As the NCBFAA, the National Brokers and Forwarders Association of America, explains:
“The result is chronic gridlock at many ports. Ships are stranded offshore for days, even weeks, waiting to unload. Containers are buried in enormous stacks in clogged terminal yards. Trucks wait in line for hours (up to eight or nine hours in some cases) to pick up a single container. And customers throughout the country experience shipment delays lasting weeks.”
There are no quick-fix solutions, but there is an opportunity to develop innovative technology solutions to remove friction at every point of intermodal equipment interchange and ease the congestion.
Challenge
Blood & Treasure was commissioned to build a mobile software solution for eModal, the world’s largest port community system, that would provide greater visibility for pre-arrival transactions at marine terminals, including the ability for app users to contribute details to the trip transaction prior to executing their terminal visit.
The brief called for both iOS and Android applications to include the following functionality:
- Login/Register new account
- Users can only access app features if they accept the Terms and Conditions (available via an API endpoint)
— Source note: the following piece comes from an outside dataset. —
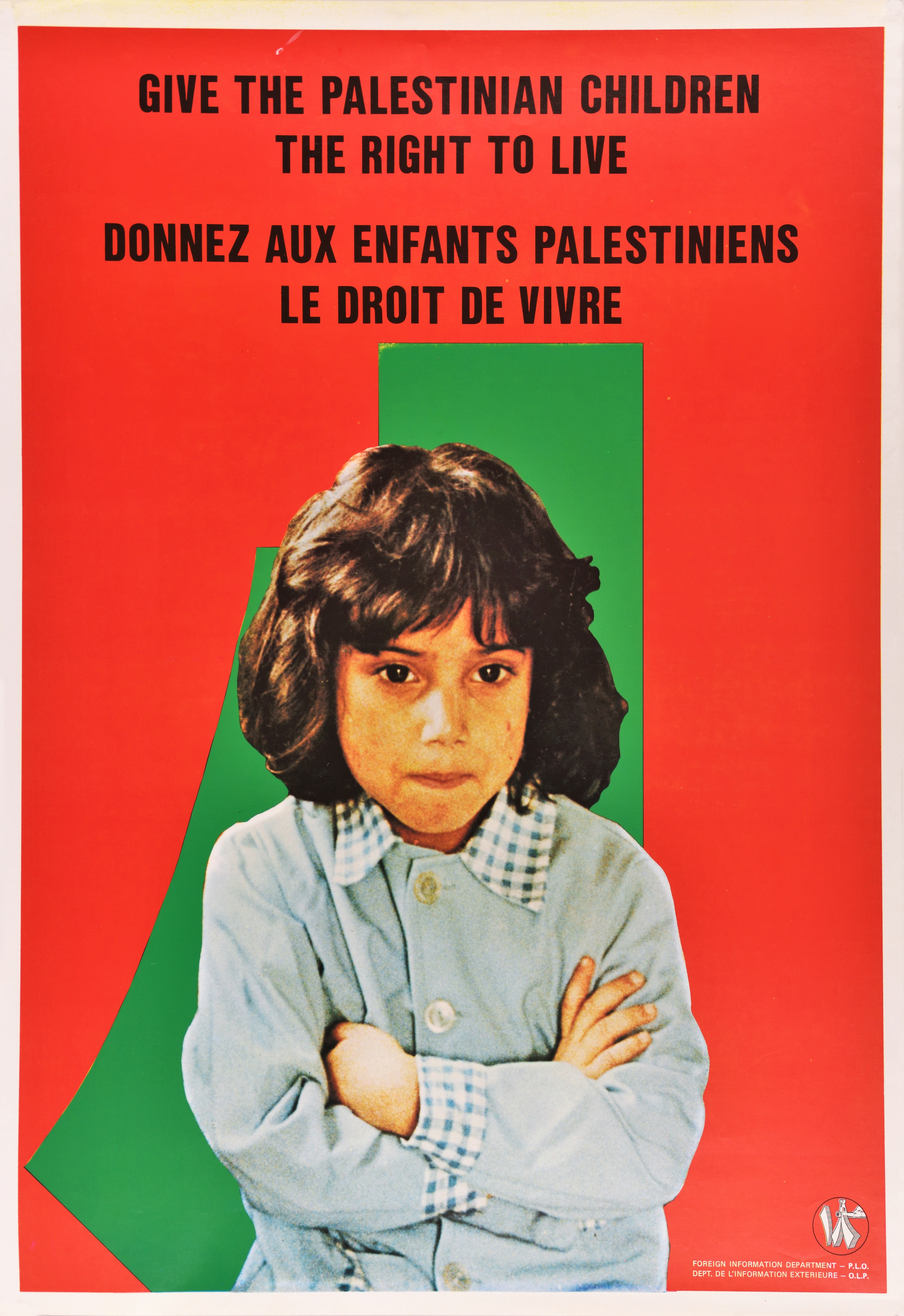 ملصق بعنوان "أعطو الطفل الفلسطيني حق الحياة" صادر عن دائرة الإعلام الخارجي لمنظمة التحرير الفلسطينية.
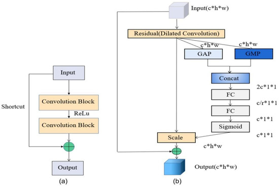 The DC-DPCA module is a combination of dilated convolution (DC) and DPCA. In this paper, we replace some of the standard convolutional kernels in convolution blocks with dilation convolution and embed the DPCA module into the network. Dilated convolution can provide effective information input to the attention mechanism, and the DPCA module can perform effective feature reweighting on the feature map to pick out representative features. It is noteworthy that they are both deployed in the deeper layers of the network. The structure diagram of embedding the DC-DPCA module in the residual module is shown in Figure 4. The residual module is mainly composed of two convolution blocks and a shortcut. We replace the standard convolution in the residual module with the dilated convolution and embed the DPCA module between the two residual modules.

- Include support for all Android phones released in the U.S. market in the previous 2 years
- Functionality and UI to look and work similarly across iOS and Android
- Integrate with eModal’s backend portal via RESTful web API
- Integrate push notifications
- Implement eModal advanced analytics as specified by the client
Development & Implementation
The client provided design mocks with task analysis and developer sprints managed in Pivotal Tracker.
Any timestamps sent or received from the server as part of the API calls had to be in UTC. But before displaying them to the user in the app UI, the app needed to locally convert them to whatever timezone the user had specified in their device setting.
The biggest challenge was working with a RESTful web API that did not depend on OAuth authentication, yet was still secure and easy for people to use.
Briefly, we saw how plain-text or weakly-hashed anything left data open to being sniffed in transit. We looked at how Amazon Web Services arranges things without depending on OAuth by basically implementing a unique HMAC (hash) for requests to the server.
The HMAC method creates a unique hash out of the arguments using a private key that only the client and server know - when the hashes match, the requests can be processed with reasonable assurance of trust.
Results
Our team completed the project under a very tight deadline of 120 hours, fully tested and approved on the Google Play and Apple App stores in plenty of time for the public launch.